[Goal of the exercise]
Leave out the pictures, and copy exactly the lines from the line with "Kekhawatiran warga bukan" through the last line of the data below.

[Given information]
**********

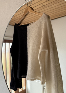 The blouse is worked in 2 strands: 1 strand of Alpaca 1 (400 m / 50 g, 100 % alpaca) + 1 strand of Silk Mohair (212 m / 25 g, 75 % super kid mohair and 25 % silk) - both from Isager Yarn
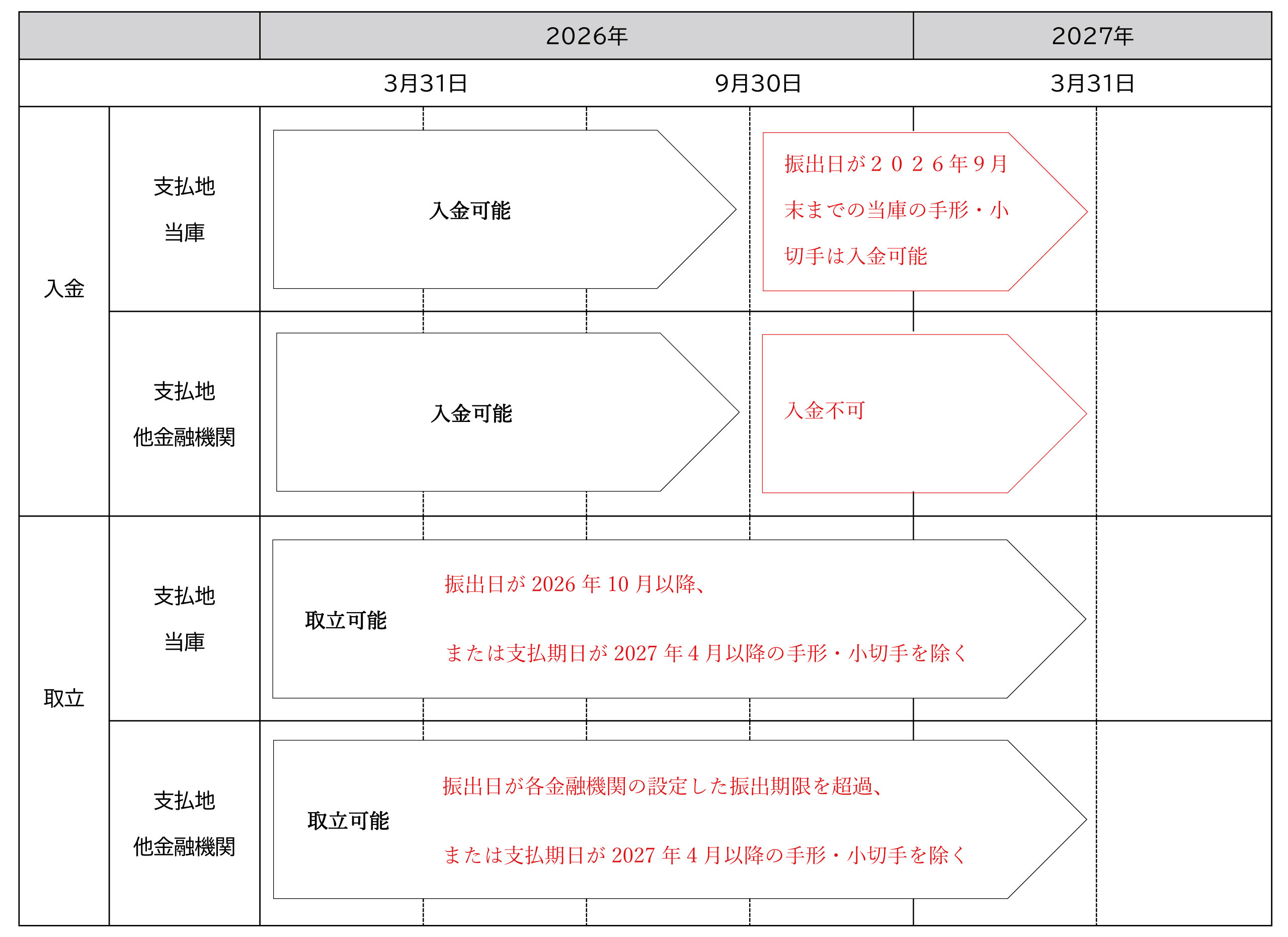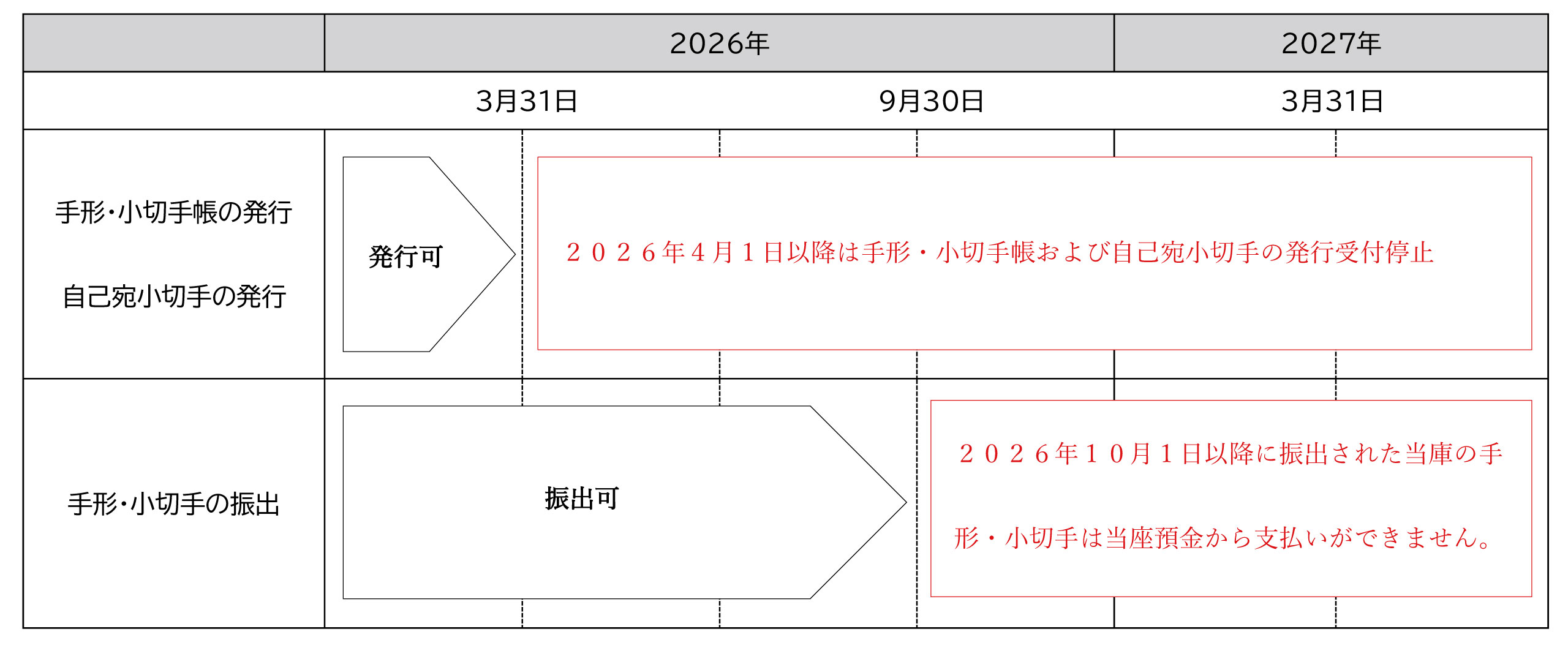 | 2026年3月31日 | 手形・小切手帳および自己宛小切手の発行受付終了 |
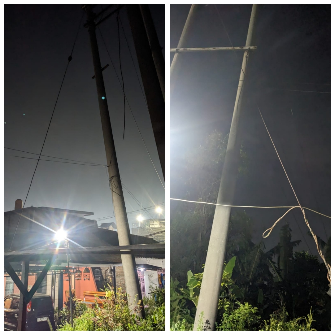 Kekhawatiran warga bukan tanpa alasan. Menurut warga setempat, di lokasi yang tak jauh dari tanah ambrol tersebut. sebuah tiang listrik pernah roboh sekitar tahun 2020 lalu. Kini, tiga pancang saluran Tegangan Menengah (TM) di area tersebut tampak miring ke arah pemukiman warga. Lebih parah lagi, dua kabel seling baja yang menopang pancang terlihat dalam kondisi mengkhawatirkan. satu di antaranya sudah putus, sementara yang lain berkarat parah.
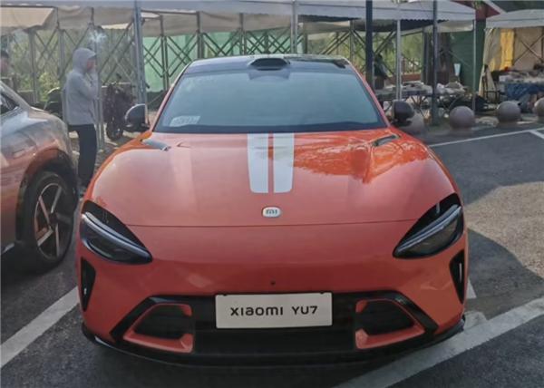 封闭式轮毂的组合 赛车拉花!小米YU7熔岩橙实车首次曝光
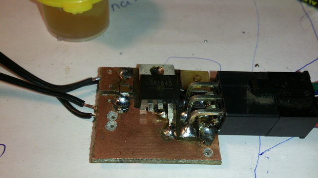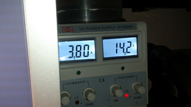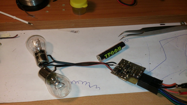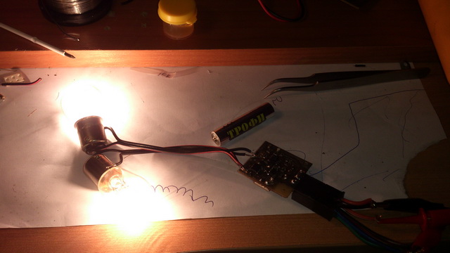 Прототип. Предварительные испытания. Нагружал пока до 4А. Ключ холодный. Потери напряжения на нем 10мВ, при токе 4А! В качестве нагрузки 2 лампы на 21 Вт. Думаю и на 55 Вт лампу потянет, но и 4А - достаточно пока. Это втрое больше моих нужд по току.
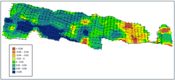 The resulting NDVI difference map shows a positive trend, with many areas in the field exhibiting stable or increased NDVI values (Blue color). These improvements indicate an encouraging early response to the new management practices implemented in 2024. Visual assessment suggests that approximately 65% of the field area (green to blue regions) showed improved NDVI, reflecting enhanced crop vigor and canopy development. Some zones with slight declines may reflect field variability or localized conditions.
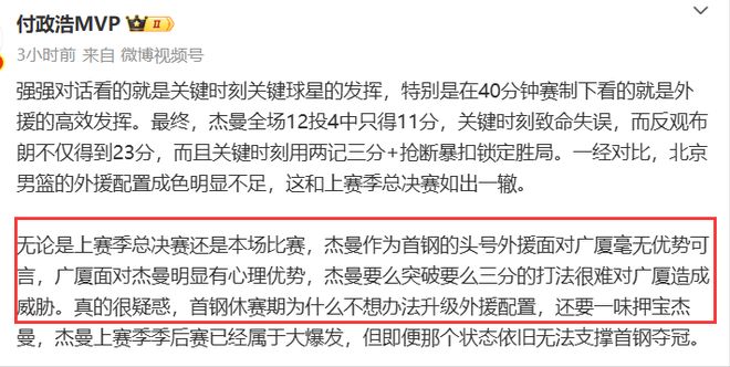 付政浩在賽後也發表長文批評了傑曼:無論是上賽季總決賽還是本場比賽,傑曼作為首鋼的頭號外援麵對廣廈毫無優勢可言,廣廈麵對傑曼明顯有心理優勢,傑曼要麽突破要麽三分的打法很難對廣廈造成威脅。

**********

[Finished exercise]
 Kekhawatiran warga bukan tanpa alasan. Menurut warga setempat, di lokasi yang tak jauh dari tanah ambrol tersebut. sebuah tiang listrik pernah roboh sekitar tahun 2020 lalu. Kini, tiga pancang saluran Tegangan Menengah (TM) di area tersebut tampak miring ke arah pemukiman warga. Lebih parah lagi, dua kabel seling baja yang menopang pancang terlihat dalam kondisi mengkhawatirkan. satu di antaranya sudah putus, sementara yang lain berkarat parah.
 封闭式轮毂的组合 赛车拉花!小米YU7熔岩橙实车首次曝光
 Прототип. Предварительные испытания. Нагружал пока до 4А. Ключ холодный. Потери напряжения на нем 10мВ, при токе 4А! В качестве нагрузки 2 лампы на 21 Вт. Думаю и на 55 Вт лампу потянет, но и 4А - достаточно пока. Это втрое больше моих нужд по току.
 The resulting NDVI difference map shows a positive trend, with many areas in the field exhibiting stable or increased NDVI values (Blue color). These improvements indicate an encouraging early response to the new management practices implemented in 2024. Visual assessment suggests that approximately 65% of the field area (green to blue regions) showed improved NDVI, reflecting enhanced crop vigor and canopy development. Some zones with slight declines may reflect field variability or localized conditions.
 付政浩在賽後也發表長文批評了傑曼:無論是上賽季總決賽還是本場比賽,傑曼作為首鋼的頭號外援麵對廣廈毫無優勢可言,廣廈麵對傑曼明顯有心理優勢,傑曼要麽突破要麽三分的打法很難對廣廈造成威脅。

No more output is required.